-- TASK --
Return an exact copy of the entries, skipping any picture you find.

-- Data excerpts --

▽

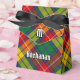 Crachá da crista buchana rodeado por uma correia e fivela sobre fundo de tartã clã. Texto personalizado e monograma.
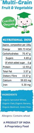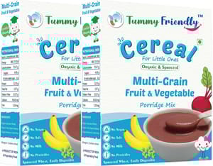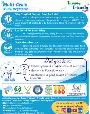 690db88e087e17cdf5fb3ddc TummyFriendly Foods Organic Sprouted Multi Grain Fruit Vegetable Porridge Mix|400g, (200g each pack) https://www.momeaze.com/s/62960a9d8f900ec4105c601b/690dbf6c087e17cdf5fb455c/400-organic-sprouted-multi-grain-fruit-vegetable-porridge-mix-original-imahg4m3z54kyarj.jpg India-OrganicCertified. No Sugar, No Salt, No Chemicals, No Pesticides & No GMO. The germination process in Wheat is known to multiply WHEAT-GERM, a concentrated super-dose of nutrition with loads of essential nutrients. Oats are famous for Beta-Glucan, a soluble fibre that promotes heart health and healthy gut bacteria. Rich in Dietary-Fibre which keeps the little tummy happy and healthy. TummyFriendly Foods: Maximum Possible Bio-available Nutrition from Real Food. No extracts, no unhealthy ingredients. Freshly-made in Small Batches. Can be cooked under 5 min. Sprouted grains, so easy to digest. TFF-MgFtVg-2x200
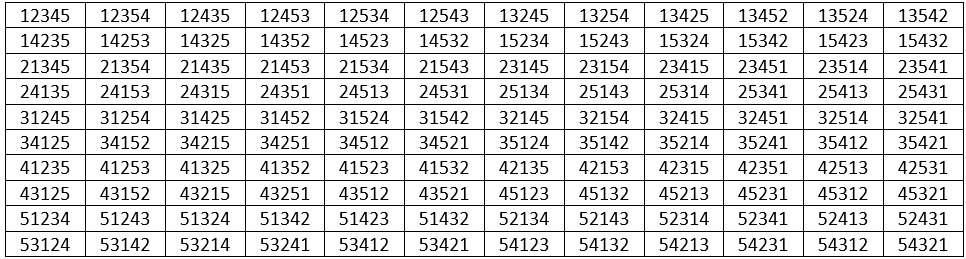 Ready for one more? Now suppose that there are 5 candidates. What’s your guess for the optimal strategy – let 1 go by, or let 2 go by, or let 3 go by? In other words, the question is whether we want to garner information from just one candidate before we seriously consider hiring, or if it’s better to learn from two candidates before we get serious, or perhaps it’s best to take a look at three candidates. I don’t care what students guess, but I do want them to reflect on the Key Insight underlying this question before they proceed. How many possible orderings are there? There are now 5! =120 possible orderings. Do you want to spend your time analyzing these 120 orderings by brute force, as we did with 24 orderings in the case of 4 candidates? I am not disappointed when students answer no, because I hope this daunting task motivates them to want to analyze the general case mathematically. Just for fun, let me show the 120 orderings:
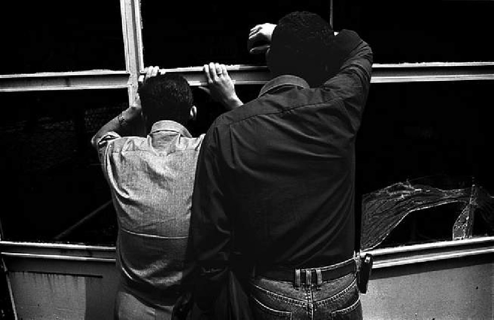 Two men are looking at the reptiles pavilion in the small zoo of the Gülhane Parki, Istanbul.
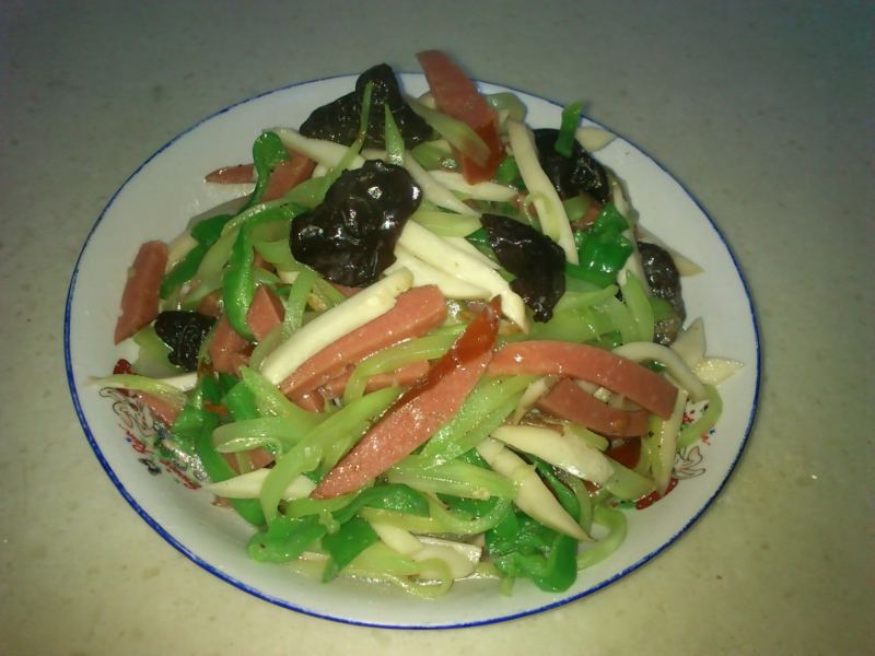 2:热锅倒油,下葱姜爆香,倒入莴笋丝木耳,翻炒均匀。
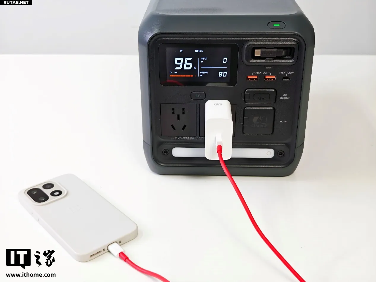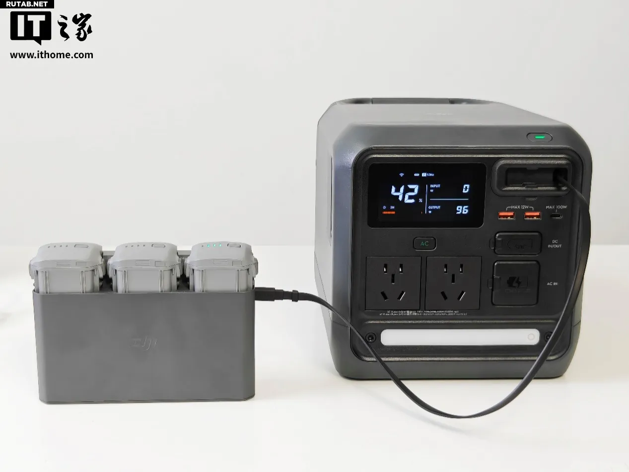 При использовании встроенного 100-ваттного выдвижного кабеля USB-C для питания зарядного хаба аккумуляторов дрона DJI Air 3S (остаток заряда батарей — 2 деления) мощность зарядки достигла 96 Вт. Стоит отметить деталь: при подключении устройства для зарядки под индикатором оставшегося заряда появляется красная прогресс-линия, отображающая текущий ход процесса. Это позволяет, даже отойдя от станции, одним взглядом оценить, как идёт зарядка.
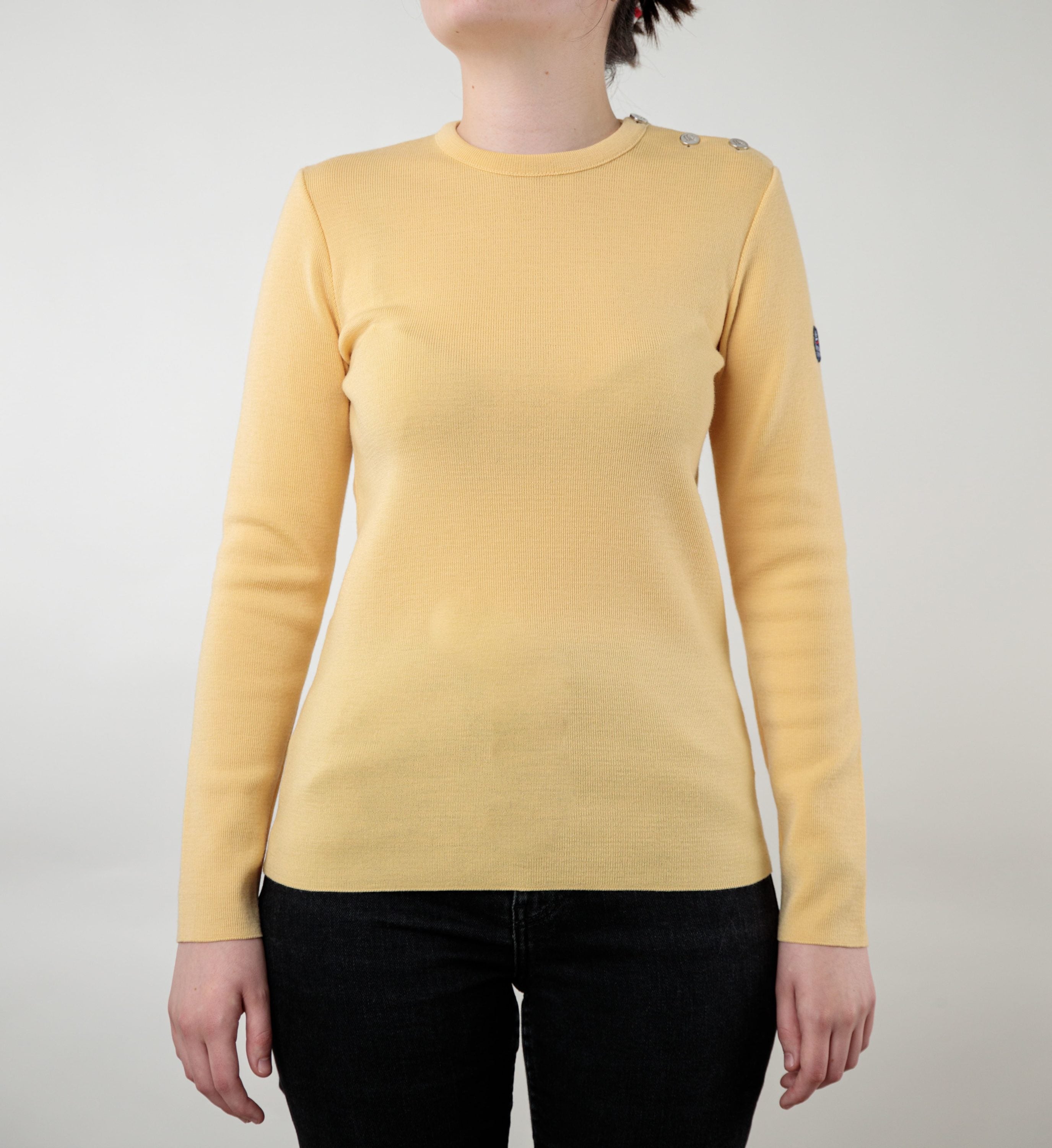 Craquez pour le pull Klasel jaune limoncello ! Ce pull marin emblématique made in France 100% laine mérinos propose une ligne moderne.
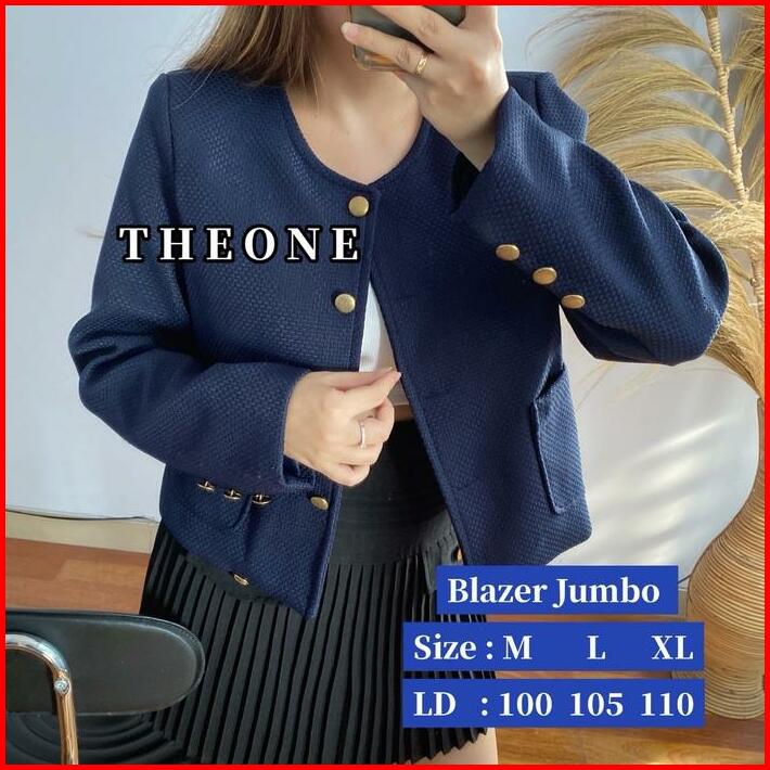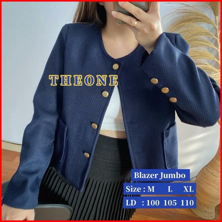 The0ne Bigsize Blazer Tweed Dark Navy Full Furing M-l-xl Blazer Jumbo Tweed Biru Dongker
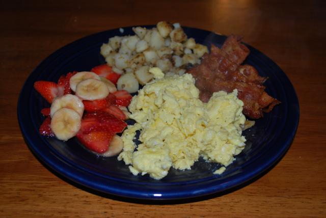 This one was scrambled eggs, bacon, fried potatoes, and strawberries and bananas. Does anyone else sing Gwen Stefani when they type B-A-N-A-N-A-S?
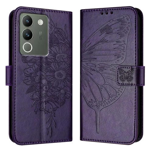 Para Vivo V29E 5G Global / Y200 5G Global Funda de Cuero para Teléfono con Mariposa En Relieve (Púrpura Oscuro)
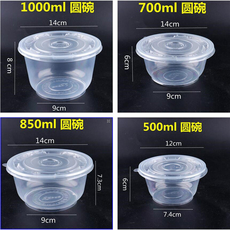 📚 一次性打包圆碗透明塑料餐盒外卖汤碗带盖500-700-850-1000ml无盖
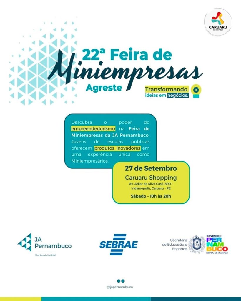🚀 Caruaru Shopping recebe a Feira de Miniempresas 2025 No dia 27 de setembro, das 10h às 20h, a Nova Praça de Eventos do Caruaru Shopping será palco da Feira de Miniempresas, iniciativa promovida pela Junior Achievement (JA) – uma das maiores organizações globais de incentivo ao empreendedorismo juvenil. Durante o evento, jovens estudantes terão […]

△

-- RESPONSE AREA --
 Crachá da crista buchana rodeado por uma correia e fivela sobre fundo de tartã clã. Texto personalizado e monograma.
 690db88e087e17cdf5fb3ddc TummyFriendly Foods Organic Sprouted Multi Grain Fruit Vegetable Porridge Mix|400g, (200g each pack) https://www.momeaze.com/s/62960a9d8f900ec4105c601b/690dbf6c087e17cdf5fb455c/400-organic-sprouted-multi-grain-fruit-vegetable-porridge-mix-original-imahg4m3z54kyarj.jpg India-OrganicCertified. No Sugar, No Salt, No Chemicals, No Pesticides & No GMO. The germination process in Wheat is known to multiply WHEAT-GERM, a concentrated super-dose of nutrition with loads of essential nutrients. Oats are famous for Beta-Glucan, a soluble fibre that promotes heart health and healthy gut bacteria. Rich in Dietary-Fibre which keeps the little tummy happy and healthy. TummyFriendly Foods: Maximum Possible Bio-available Nutrition from Real Food. No extracts, no unhealthy ingredients. Freshly-made in Small Batches. Can be cooked under 5 min. Sprouted grains, so easy to digest. TFF-MgFtVg-2x200
 Ready for one more? Now suppose that there are 5 candidates. What’s your guess for the optimal strategy – let 1 go by, or let 2 go by, or let 3 go by? In other words, the question is whether we want to garner information from just one candidate before we seriously consider hiring, or if it’s better to learn from two candidates before we get serious, or perhaps it’s best to take a look at three candidates. I don’t care what students guess, but I do want them to reflect on the Key Insight underlying this question before they proceed. How many possible orderings are there? There are now 5! =120 possible orderings. Do you want to spend your time analyzing these 120 orderings by brute force, as we did with 24 orderings in the case of 4 candidates? I am not disappointed when students answer no, because I hope this daunting task motivates them to want to analyze the general case mathematically. Just for fun, let me show the 120 orderings:
 Two men are looking at the reptiles pavilion in the small zoo of the Gülhane Parki, Istanbul.
 2:热锅倒油,下葱姜爆香,倒入莴笋丝木耳,翻炒均匀。
 При использовании встроенного 100-ваттного выдвижного кабеля USB-C для питания зарядного хаба аккумуляторов дрона DJI Air 3S (остаток заряда батарей — 2 деления) мощность зарядки достигла 96 Вт. Стоит отметить деталь: при подключении устройства для зарядки под индикатором оставшегося заряда появляется красная прогресс-линия, отображающая текущий ход процесса. Это позволяет, даже отойдя от станции, одним взглядом оценить, как идёт зарядка.
 Craquez pour le pull Klasel jaune limoncello ! Ce pull marin emblématique made in France 100% laine mérinos propose une ligne moderne.
 The0ne Bigsize Blazer Tweed Dark Navy Full Furing M-l-xl Blazer Jumbo Tweed Biru Dongker
 This one was scrambled eggs, bacon, fried potatoes, and strawberries and bananas. Does anyone else sing Gwen Stefani when they type B-A-N-A-N-A-S?
 Para Vivo V29E 5G Global / Y200 5G Global Funda de Cuero para Teléfono con Mariposa En Relieve (Púrpura Oscuro)
 📚 一次性打包圆碗透明塑料餐盒外卖汤碗带盖500-700-850-1000ml无盖
🚀 Caruaru Shopping recebe a Feira de Miniempresas 2025 No dia 27 de setembro, das 10h às 20h, a Nova Praça de Eventos do Caruaru Shopping será palco da Feira de Miniempresas, iniciativa promovida pela Junior Achievement (JA) – uma das maiores organizações globais de incentivo ao empreendedorismo juvenil. Durante o evento, jovens estudantes terão […]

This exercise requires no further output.